PROBLEM DESCRIPTION: Write the listing out again word for word. Pictures do not belong in the copy.

INFORMATION SUPPLIED:
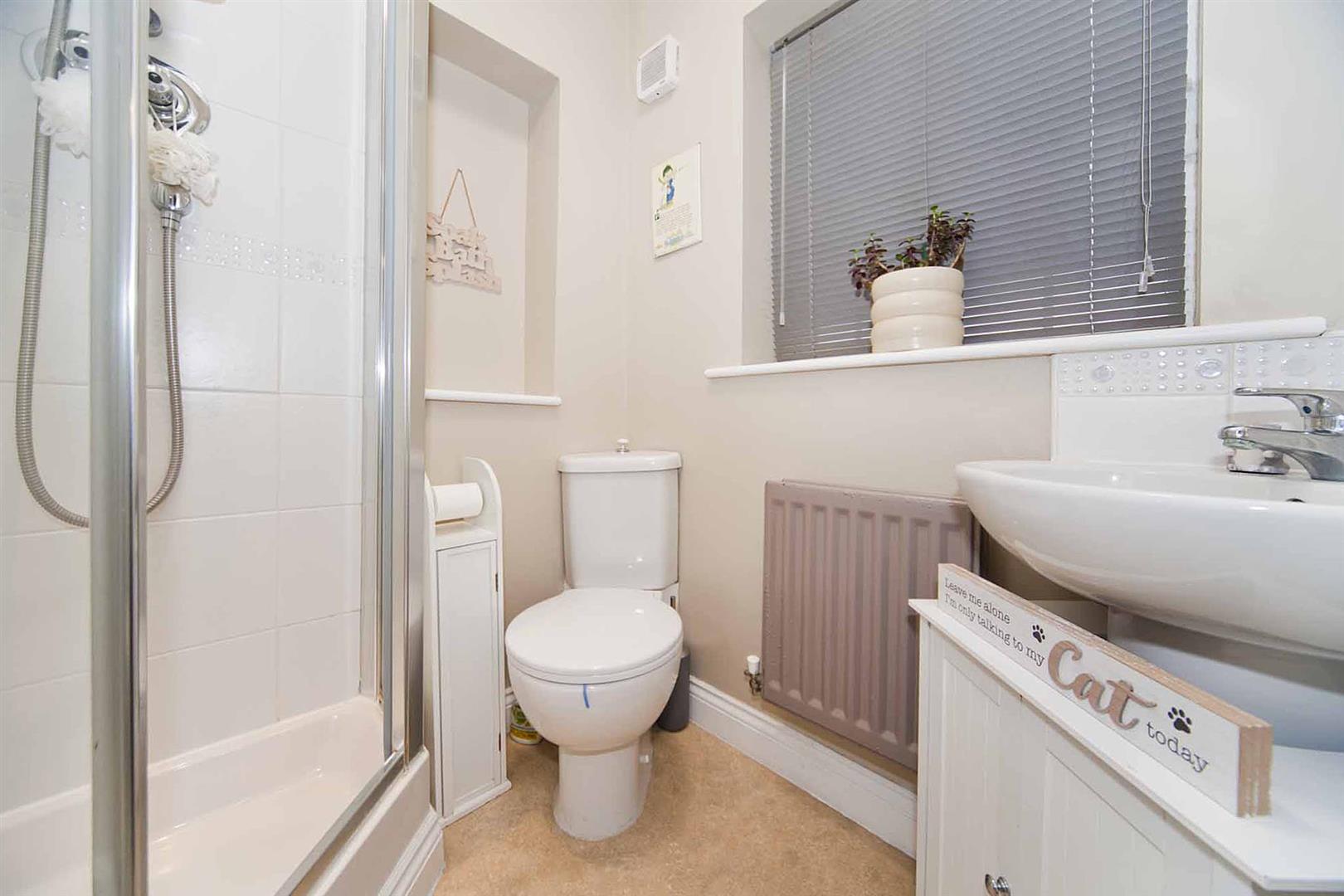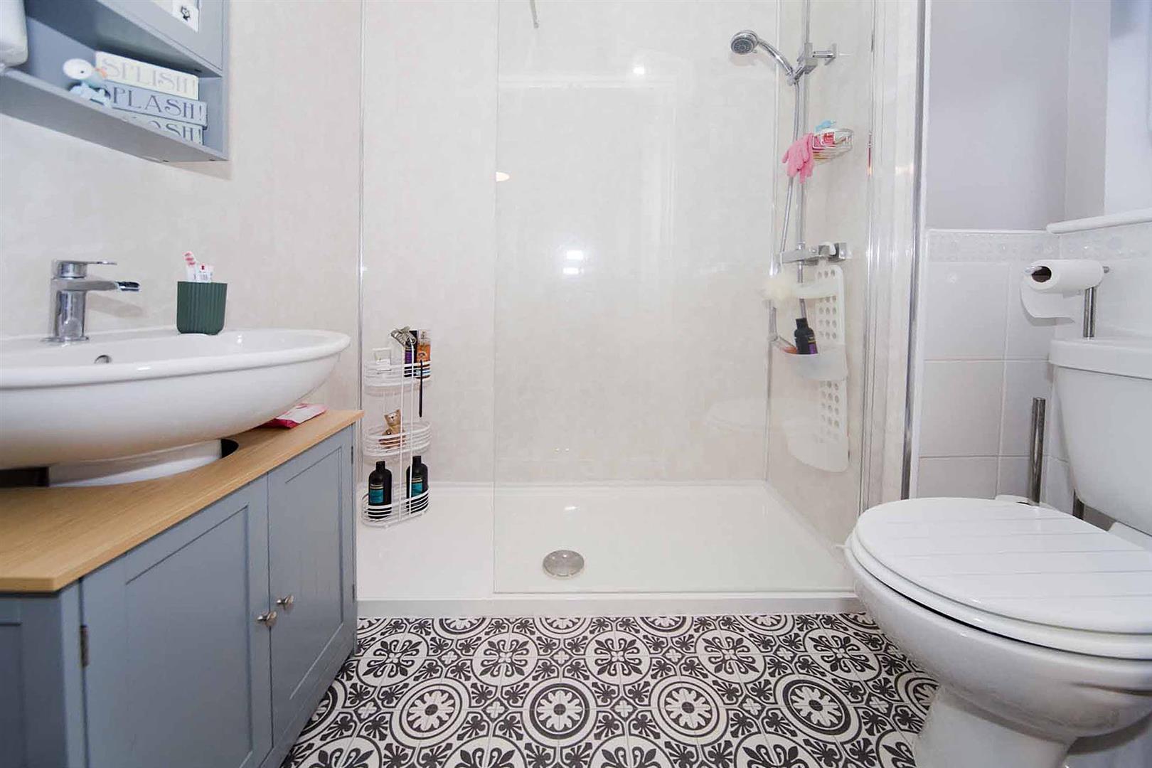 Ensuite shower room which comprises oversized shower enclosure, close coupled WC and pedestal wash basin, complimentary tiling.
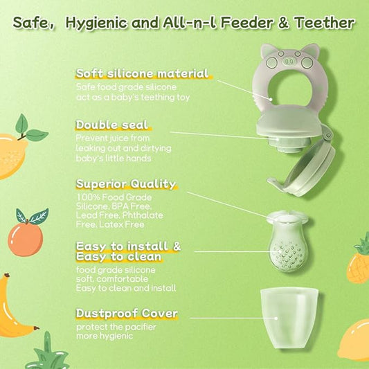 Baby Solids/Frozen Fruit Feeder Pacifier, Infant Teether Toy 4M+, BPA-Free Silicone Pouch & Nipple, Safely Introduce Solids, Teething Relief, 2-Pack - Gray (Piglet)
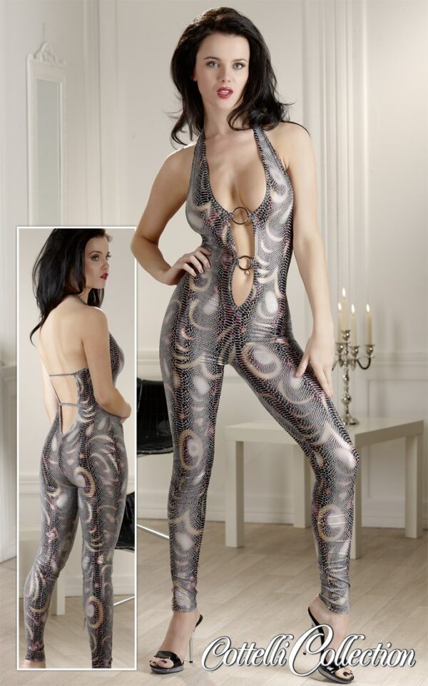 La tuta sexy by cottelli “Snake” aderente di colore grigio con disegni che ricordano la pelle di serpente. Una scollatura profonda sulla parte anteriore con due grandi anelli decorativi la rendono particolarmente sexy e maliziosa. Disponibile nel taglie ideale per una sera in discoteca all’ insegna della seduzione. • Materiale: 85% Poliammide, 15% elastan.

RESPONSE:
 Ensuite shower room which comprises oversized shower enclosure, close coupled WC and pedestal wash basin, complimentary tiling.
 Baby Solids/Frozen Fruit Feeder Pacifier, Infant Teether Toy 4M+, BPA-Free Silicone Pouch & Nipple, Safely Introduce Solids, Teething Relief, 2-Pack - Gray (Piglet)
 La tuta sexy by cottelli “Snake” aderente di colore grigio con disegni che ricordano la pelle di serpente. Una scollatura profonda sulla parte anteriore con due grandi anelli decorativi la rendono particolarmente sexy e maliziosa. Disponibile nel taglie ideale per una sera in discoteca all’ insegna della seduzione. • Materiale: 85% Poliammide, 15% elastan.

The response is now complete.